WeChat public account

Shulou

Developing simple crawlers with Python

2025-01-28 Update From: SLTechnology News&Howtos shulou NAV: SLTechnology News&Howtos > Internet Technology >

Share

Shulou(Shulou.com)06/03 Report--

Developing simple crawlers with Python

Source code URL: http://download.csdn.NET/detail/hanchaobiao/9860671

First, the brief introduction of reptiles and the technical value of reptiles. What is a reptile:

A program that automatically grabs Internet information can start from a URL, access its associated URL, and extract the data we need.
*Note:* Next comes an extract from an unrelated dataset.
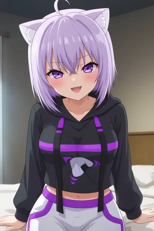 Trigger Word:Nekomata Okayu, anime-style girl. The image features an anime-style character with light purple hair styled in a high ponytail. The character has large, expressive purple eyes and cat ears on their head.The character is wearing a black hoodie with purple accents, including a purple drawstring and trim on the sleeves and pants. The hoodie is paired with white pants that have purple trim along the edges.

In other words, a crawler is a program that automatically accesses the Internet and extracts data.

two。 The value of the crawler uses the data on the Internet for my own use and develops its own website or APP

Second, a simple web crawler flow frame

Crawler scheduling side: used to start, execute, stop the crawler, or monitor the operation of the crawler

There are three modules in the crawler, the URL manager: the management of the URL to be crawled and the URL that has been crawled

Web page downloader: download a web page corresponding to a URL provided in the URL manager and store it as a string, which will be transmitted to the web page parser for parsing

Web page parser: on the one hand, it parses valuable data, on the other hand, since each page has many pages pointing to other pages, these URL can be parsed and added to the URL manager.

These three departments form a simple crawler architecture, which can capture all the web pages in the Internet.

Dynamic execution process

Third, URL Manager and its three implementation methods

Prevent repeated fetching and circular fetching. In the most serious case, two URL pointing to each other will form an endless loop.
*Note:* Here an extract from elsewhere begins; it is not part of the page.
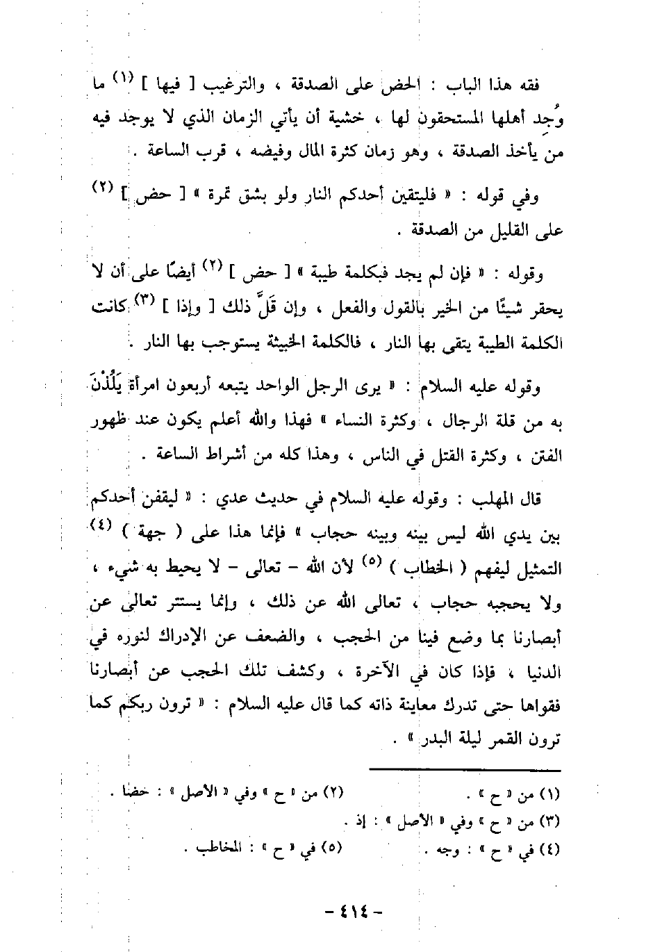 ففى هذا الباب: الحض على الصدقة، والترغيب فيها ما وُجِد أهلها المستحقون لها، خشية أن يأتى الزمان الذى لا يوجد فيه من يأخذ الصدقة، وهو زمان كثرة المال وفيضه، قرب الساعة. وفى قوله: (فليتقين أحدكم النار ولو بشق تمرة) حض على القليل من الصدقة. وقوله: (فإن لم يجد فبكلمة طيبة) حض أيضًا على أن لا يحقر شيئًا من الخير بالقول والفعل، وإن قَلَّ ذلك، وإذا كانت الكلمة الطيبة يتقى بها النار، فالكلمة الخبيثة يستوجب بها النار. وقوله (صلى الله عليه وسلم) : (يرى الرجل الواحد يتبعه أربعون امرأة يَلُذْنَ به من قلة الرجال، وكثرة النساء) ، فهذا والله أعلم يكون عند ظهور الفتن، وكثرة القتل فى الناس، وهذا كله من أشراط الساعة. قال المهلب: وقوله (صلى الله عليه وسلم) فى حديث عدى: (ليقفن أحدكم بين يدى الله ليس بينه وبينه حجاب) ، فإنما هذا على جهة التمثيل ليفهم الخطاب لأن الله تعالى لا يحيط به شىء، ولا يحجبه حجاب، تعالى الله عن ذلك، وإنما يستتر تعالى عن أبصارنا بما وضع فينا من الحجب، والضعف عن الإدراك لنوره فى الدنيا، فإذا كان فى الآخرة، وكشف تلك الحجب عن أبصارنا فقواها حتى تدرك معاينة ذاته كما قال (صلى الله عليه وسلم) : (ترون ربكم كما ترون القمر ليلة البدر) .

Three ways of implementation

Python memory set collection: the set collection supports deduplication

MySQL:url (access path) is_crawled (access or not)

Redis: redis has the best performance, and there is also a set type in Redis, which can be deduplicated. If you don't understand, you can take a look at Redis's introduction.

4. Webpage downloader and urlib module

This article uses urllib to implement

Urllib2 is a module that comes with python and does not need to be downloaded.

Urllib2 is changed to urllib.request in python3.x

Three ways of implementation

Method 1:

[python] view plain copy

# introduction module

From urllib import request

Url = "http://www.baidu.com"

# the first way to download a web page

Print ("the first method:")

# request = urllib.urlopen (url) 2.x

Response1 = request.urlopen (url)

Print ("status code:" response1.getcode ())

# get web content

Html = response1.read ()

# set the encoding format

Print (html.decode ("utf8"))

# turn off response1

Response1.close ()

Method 2:

[python] view plain copy

Print ("second:")

Request2 = request.Request (url)

Request2.add_header ('user-agent','Mozilla/5.0')

Response2 = request.urlopen (request2)

Print ("status code:" response2.getcode ())

# get web content

Htm2 = response2.read ()

# adjust the format

Print (htm2.decode ("utf8"))

# turn off response1

Response2.close ()

Method 3: use cookie

[html] view plain copy

# the third method uses cookie to obtain

Import http.cookiejar

Cookie = http.cookiejar.LWPCookieJar ()

Opener = request.build_opener (request.HTTPCookieProcessor (cookie))

Request.install_opener (opener)

Response3 = request.urlopen (url)

Print (cookie)

Html3 = response3.read ()

# format the content

Print (html3.decode ("utf8"))

Response3.close ()

Web page parser and BeautifulSoup third-party module

Test if bs4 is installed

[python] view plain copy

Import bs4

Print (bs4)

Print the results:

The installation is successful

Beautiful Soup has a very important advantage over other html parsing. The html is disassembled and processed as an object. The whole article is converted into dictionaries and arrays.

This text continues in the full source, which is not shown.